Hyperorders and transclusion: understanding dimensional hypertext

Abstract

ZigZag is a unique hyperstructural paradigm designed by the hypertext pioneer Ted Nelson. It has piqued a lot of interest in the hypertext community in recent years because of its aim of revolutionizing electronic access to information and knowledge bases. In ZigZag information is stored in cells that are arranged into lists organized along unlimited numbers of intersecting sets of associations called dimensions. To this infrastructure a mechanism of transclusion is added, allowing the data stored in cells to span, and hence be utilized, in different contexts. Proponents of ZigZag claim that it is a flexible and universal structure for information representation, and yet the system has not been widely adopted and has been implemented even more rarely. In this paper we address the question of whether there are intrinsic theoretical reasons as to why this is the case.

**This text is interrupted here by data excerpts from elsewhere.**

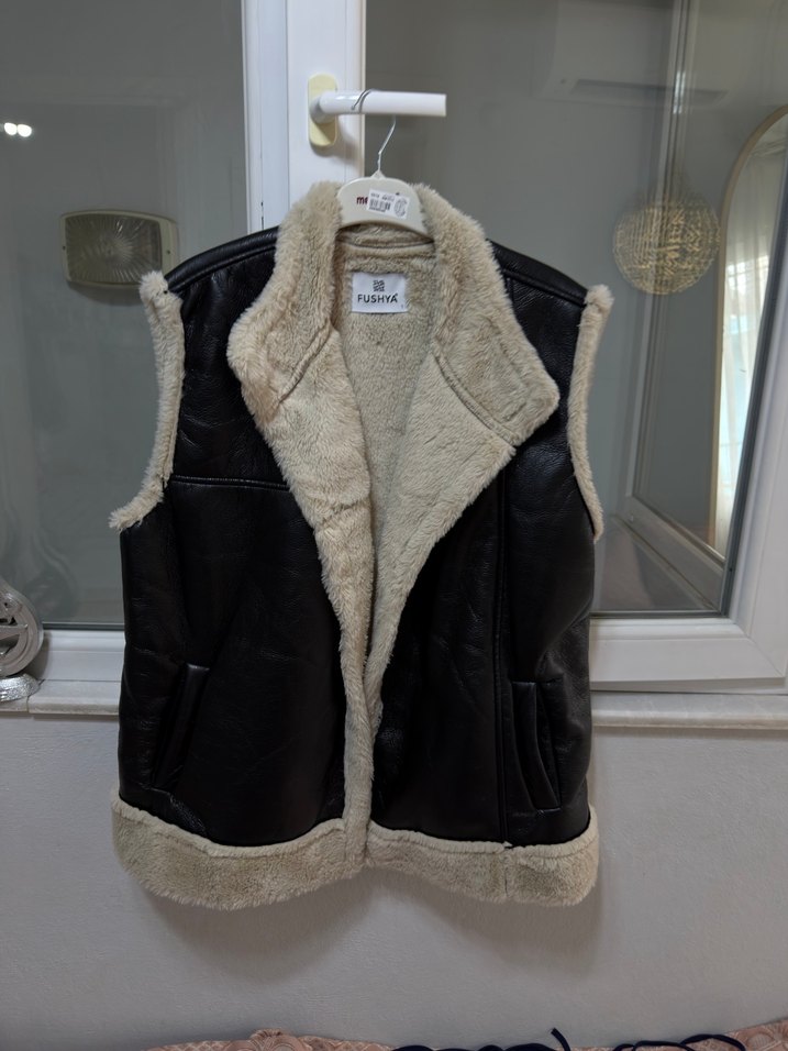 Kahverengi Deri Kürklü Kolsuz Ceket
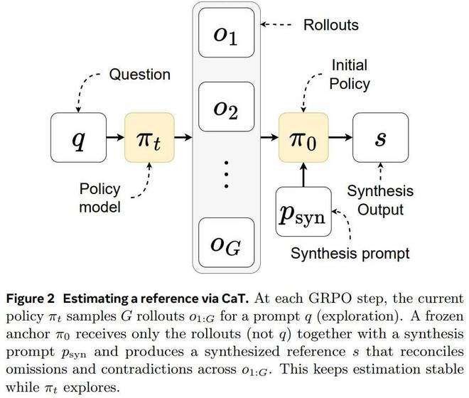 - 合成阶段:一个冻结的锚点模型(frozen anchor)(即初始策略,仅作为估计器使用)以这组推演结果为条件,通过整合遗漏、矛盾和不完整的解决方案,合成一个单一的估计参考答案;
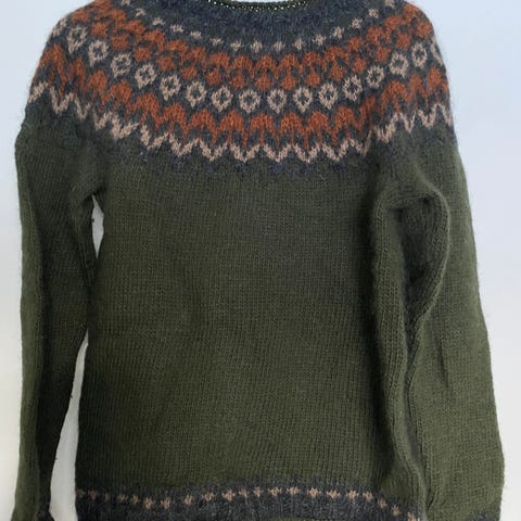 Neulottu langasta, joka kestää konepesun. 75% villaa ja 25 % polyamidia. Kuvissa on tarkemmat mitat. Arvioisin että on naisten koko M-L.
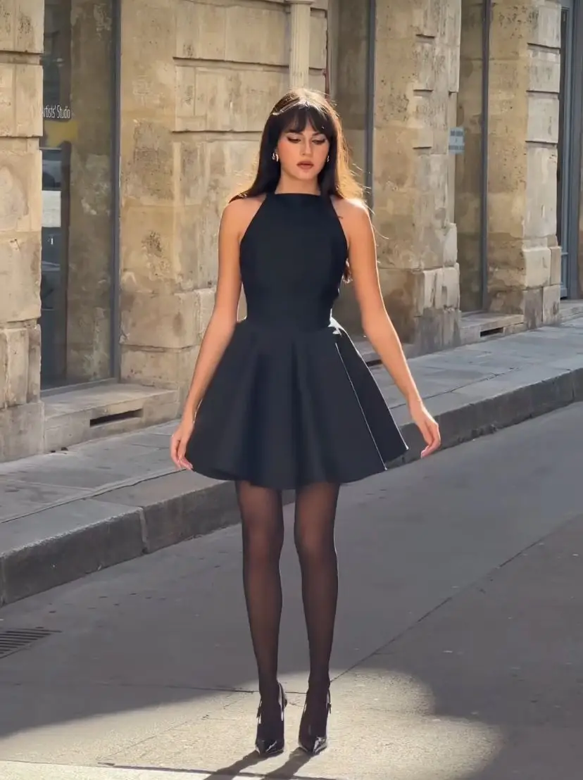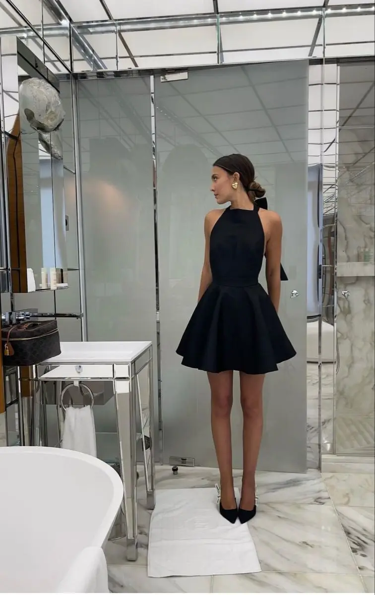 Venusiva Backless Halter Mini Dress Women's Sexy Sleeveless A-Line Short Dress Elegant Spring Summer Holiday Streetwear
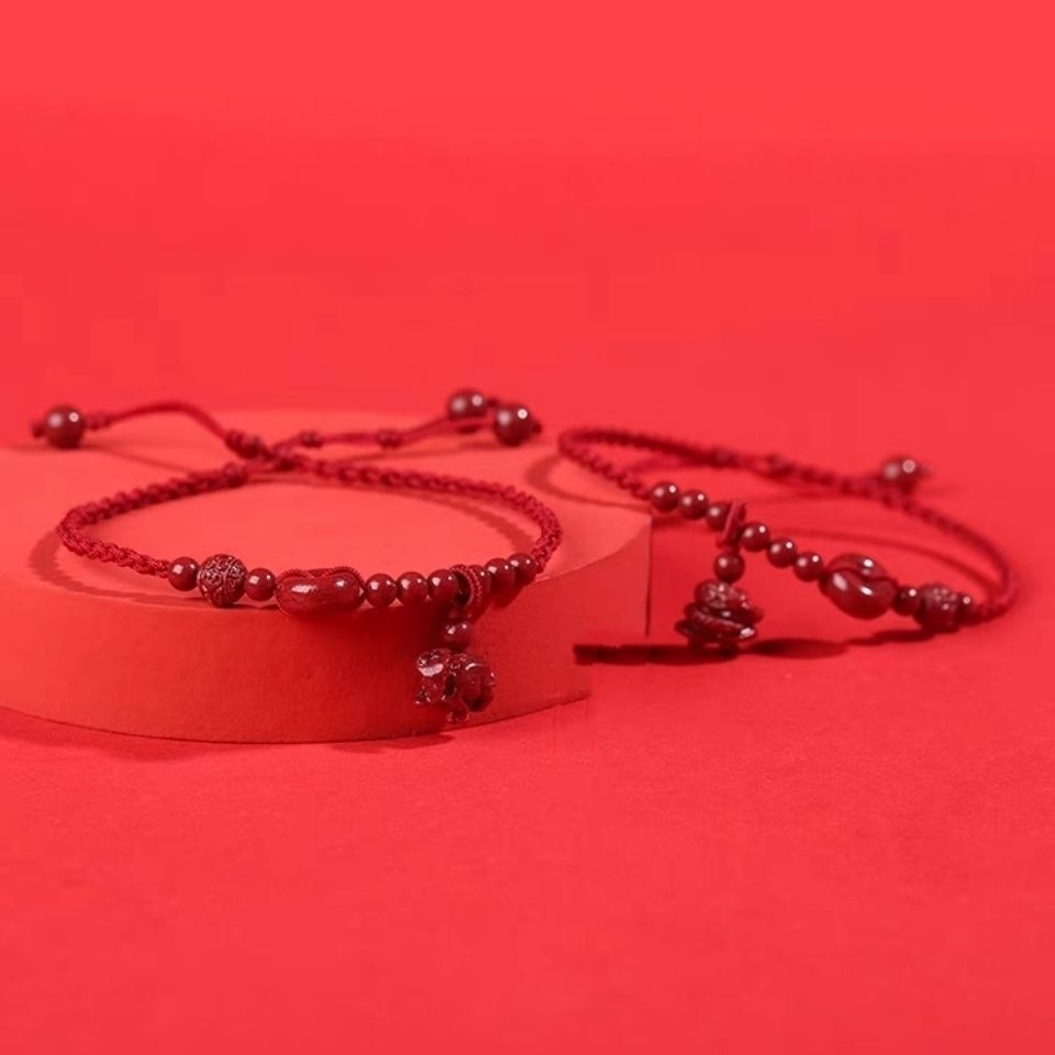 Natural raw mine Zhu sand men and women duozodiac natural Zhu sand red rope foot chain female bestie chain woman-Taobao
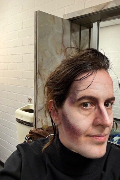 I had to basically hurl myself forward like a human rocket with people so close to me on both sides I couldn’t figure out where to place my arms any other way than straight next to my body like a diving seal. This wasn’t the only challenge that night. The woman I was replacing was in a spot on the painting that required a beard. A fancy opera one that needed glue to be stuck in place and quite a bit of make-up time.
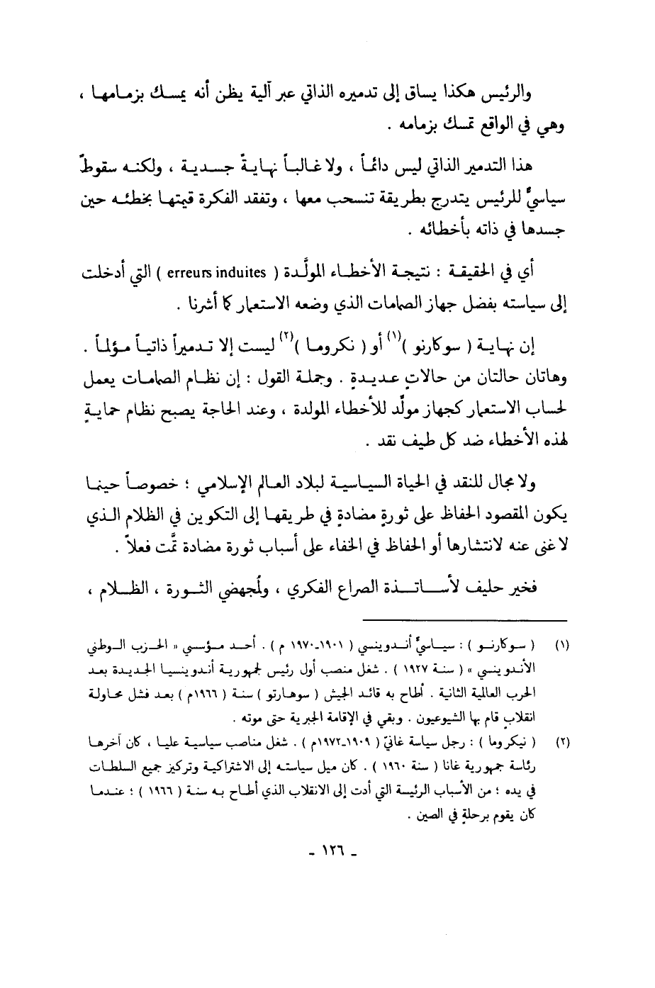 إن نهاية (سوكارنو) (¬1) أو (نكروما) (¬2) ليست إلا تدميراً ذاتياً مؤلماً. وهاتان حالتان من حالاتٍ عديدةٍ. وجملة القول: إن نظام الصمامات يعمل لحساب الاستعمار كجهاز مولِّد للأخطاء المولدة، وعند الحاجة يصبح نظام حمايةٍ لهذه الأخطاء ضد كل طيف نقد.
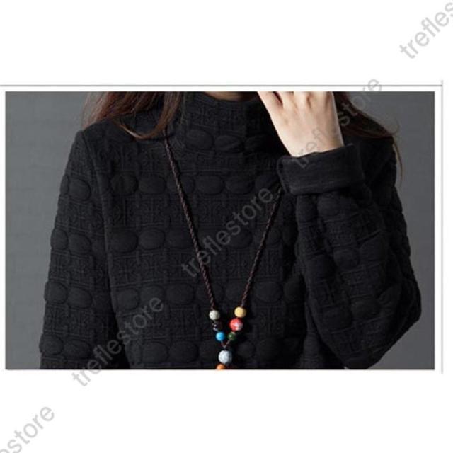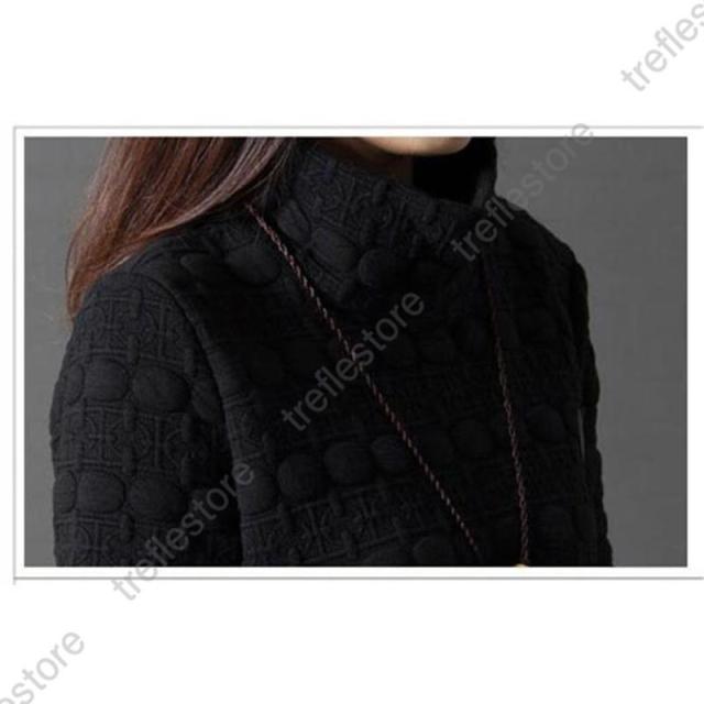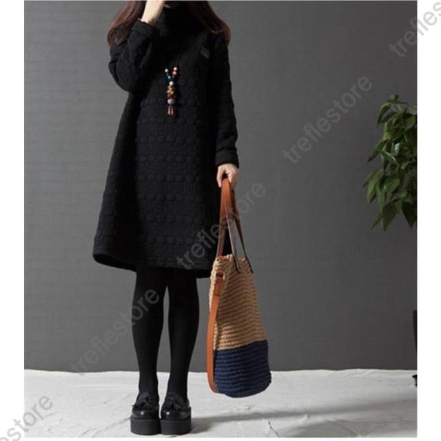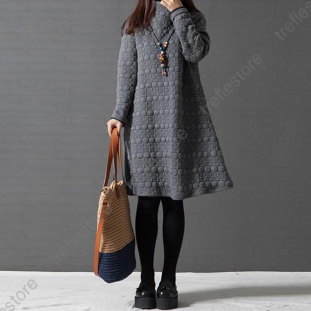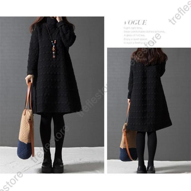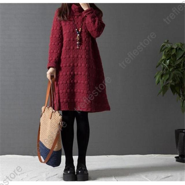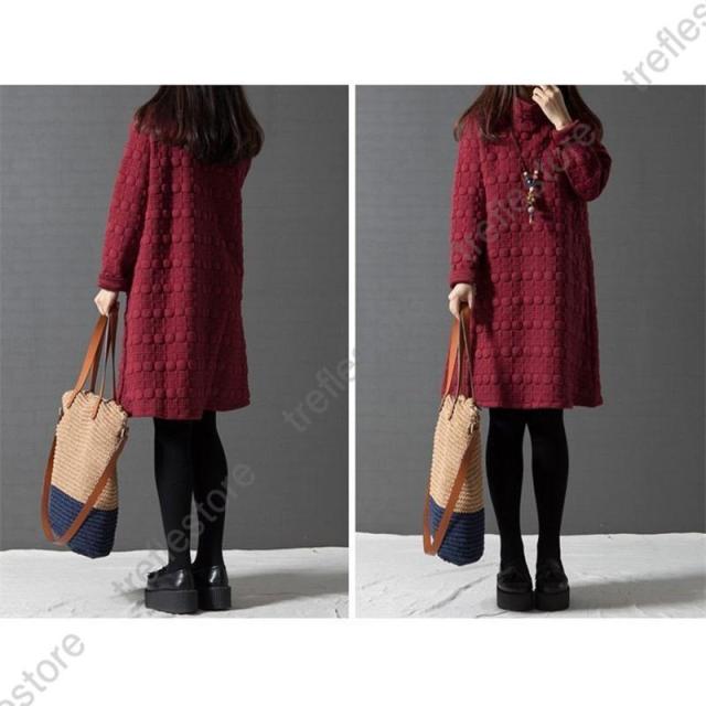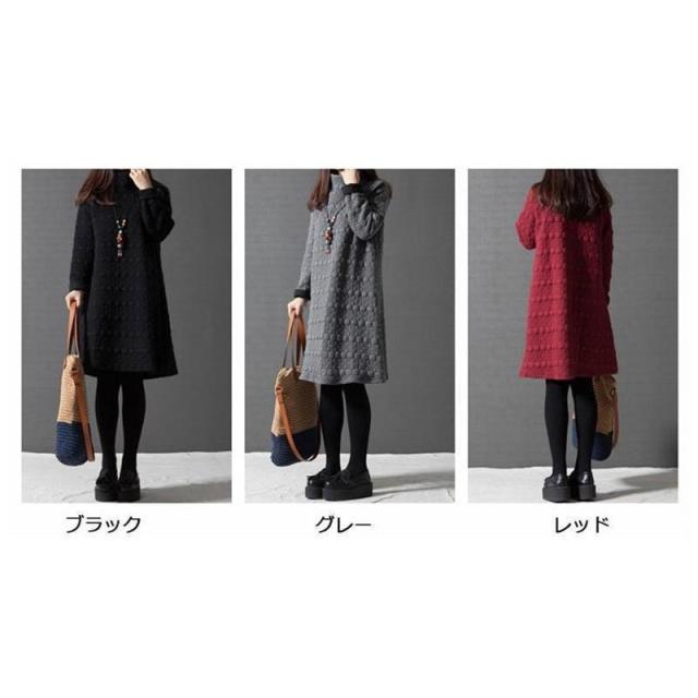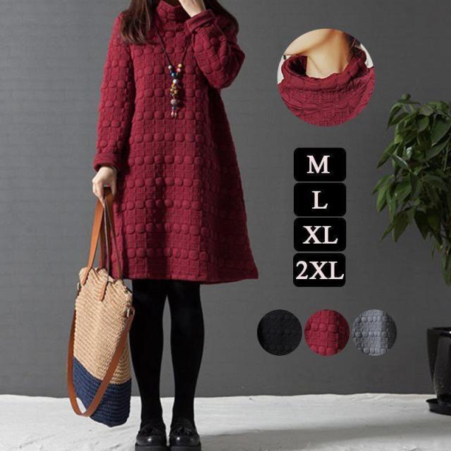【ポイント5倍!】ワンピース レディース チュニック ハイネック 無地 40代 チュニック 冬 防寒 Aライン 長袖 ハイネック 体型カバー 膝丈 ひざ丈ワンピース 赤 黒 灰 ゆったり

While the basic features and specifications of ZigZag are well known, we delve in to the less understood area of its theoretical underpinnings to tackle this question. By modeling ZigZag within the framework of set theory we reveal a new class of hyperstructure that contains no referencable link objects whatsoever, instead grouping non-referencable binary associations into disjunct but parallel sets of common semantics (dimensions). We go on to further specialize these "dimensional models" into sets of finite partial functions, which are closed over a single domain, isolating the new class of hyperstructures we are calling hyperorders. This analysis not only sheds light on the benefits and limitations of the ZigZag hypermedia system, but also provides a framework to describe and understand a wider family of possible hyperstructure models of which it is an early example. Characteristics of Zigzag's transclusion mechanisms are also investigated, highlighting a previously unrecognized distinction, and potential irrevocable conflict, between two distinct uses of content reuse: instance and identity transclusion.